▸ WHAT IS BEING ASKED
Your task is to return exactly the lines that run from the one containing "Ľuba Suchalová Harichová" through the end of the listing below, without any pictures.

▸ SOURCE DATA

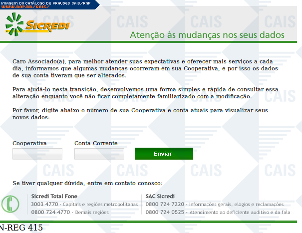 | comentário | Falsa mensagem em nome da Sicredi, não possui qualquer informação relevante além de um link. Tal link leva à uma falsa página da Sicredi, na qual dados confidenciais são solicitados. | |
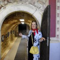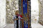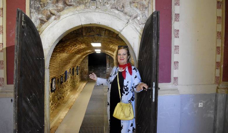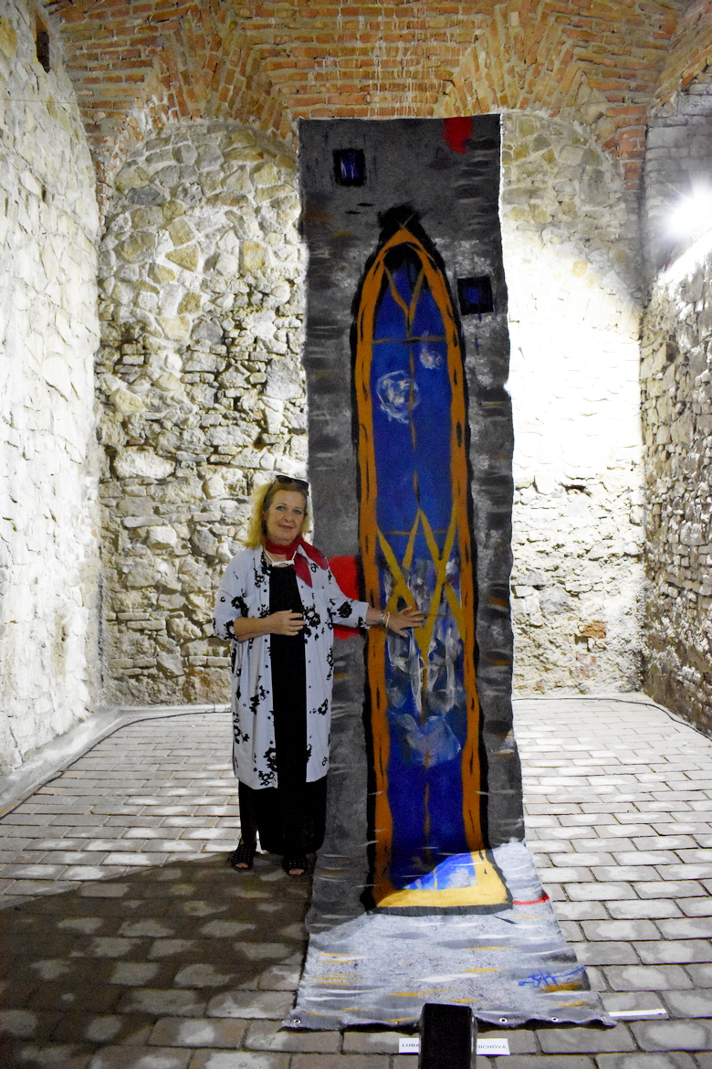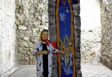 Ľuba Suchalová Harichová pri 6,5-metrovej tapisérii zobrazujúcej neogotické okno, časť dverí z kaštieľa v Galante. Snímka: Zuzana Artimová
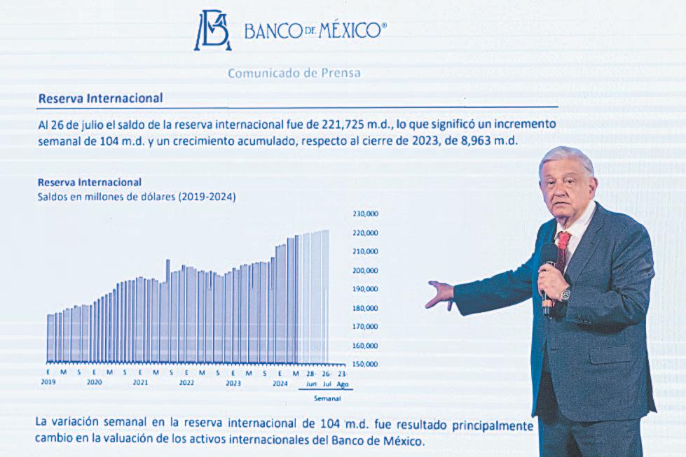 Puntualizó que el Banco de México reportó que el pasado 26 de julio las reservas internacionales alcanzaron un máximo histórico al contabilizar 221 mil 725 millones de dólares, equivalentes a un incremento de 27.6% respecto al 30 de noviembre de 2018, cuando había 173 mil 775 millones de pesos.
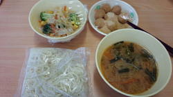 『牛乳、ゴマ味噌ラーメン、白玉団子の黄粉和え、ブロッコリーサラダ』
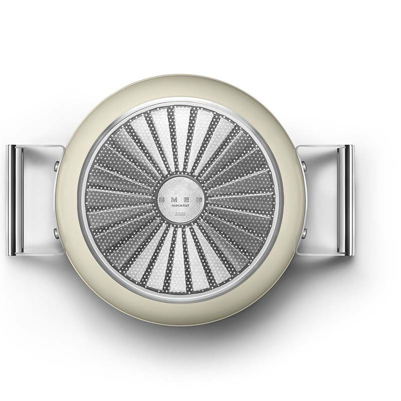 Casseruola antiaderente con coperchio stile Smeg 50's, diametro 24 cm, corpo in alluminio forgiato e finitura esterna beige crema opaca.
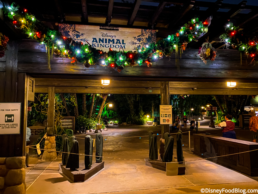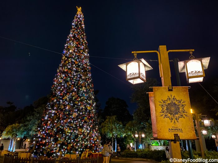 The decorations, the lights, the Christmas-y music — it all just really sets the mood for a fantastic holiday season! This last week we saw holiday decor arrive all around Walt Disney World and festivities begin, and we couldn’t be more excited! Today, we’re sharing our photos from a trip to Disney’s Animal Kingdom at night to check out what their decor looks like after dark.
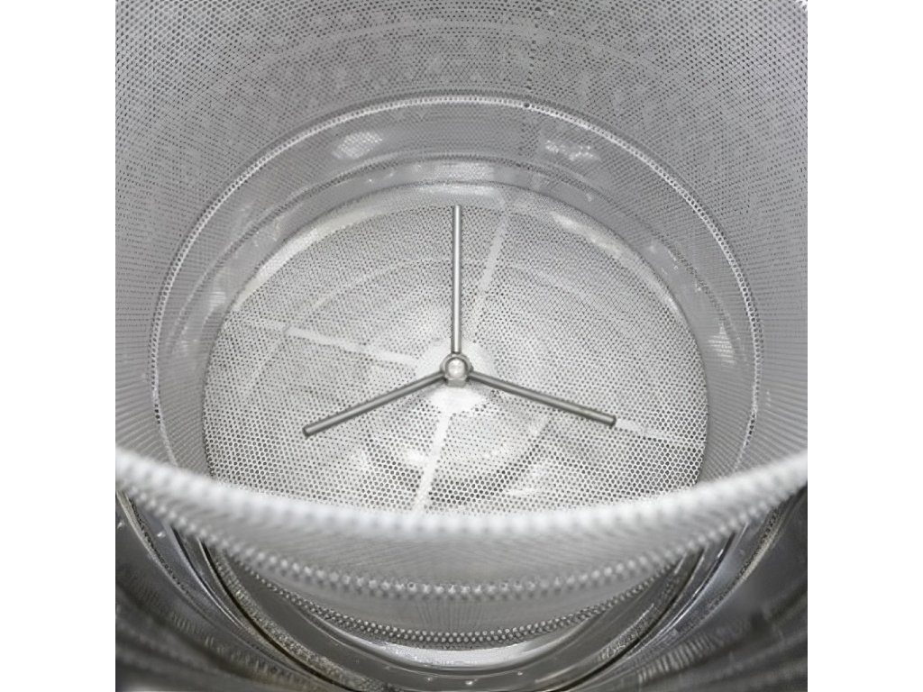 • Rotační proces: Perforovaný koš umožňuje efektivní odstředění vosku při otáčení bubnu.

▸ RESULT FOR THIS EXERCISE
 Ľuba Suchalová Harichová pri 6,5-metrovej tapisérii zobrazujúcej neogotické okno, časť dverí z kaštieľa v Galante. Snímka: Zuzana Artimová
 Puntualizó que el Banco de México reportó que el pasado 26 de julio las reservas internacionales alcanzaron un máximo histórico al contabilizar 221 mil 725 millones de dólares, equivalentes a un incremento de 27.6% respecto al 30 de noviembre de 2018, cuando había 173 mil 775 millones de pesos.
 『牛乳、ゴマ味噌ラーメン、白玉団子の黄粉和え、ブロッコリーサラダ』
 Casseruola antiaderente con coperchio stile Smeg 50's, diametro 24 cm, corpo in alluminio forgiato e finitura esterna beige crema opaca.
 The decorations, the lights, the Christmas-y music — it all just really sets the mood for a fantastic holiday season! This last week we saw holiday decor arrive all around Walt Disney World and festivities begin, and we couldn’t be more excited! Today, we’re sharing our photos from a trip to Disney’s Animal Kingdom at night to check out what their decor looks like after dark.
 • Rotační proces: Perforovaný koš umožňuje efektivní odstředění vosku při otáčení bubnu.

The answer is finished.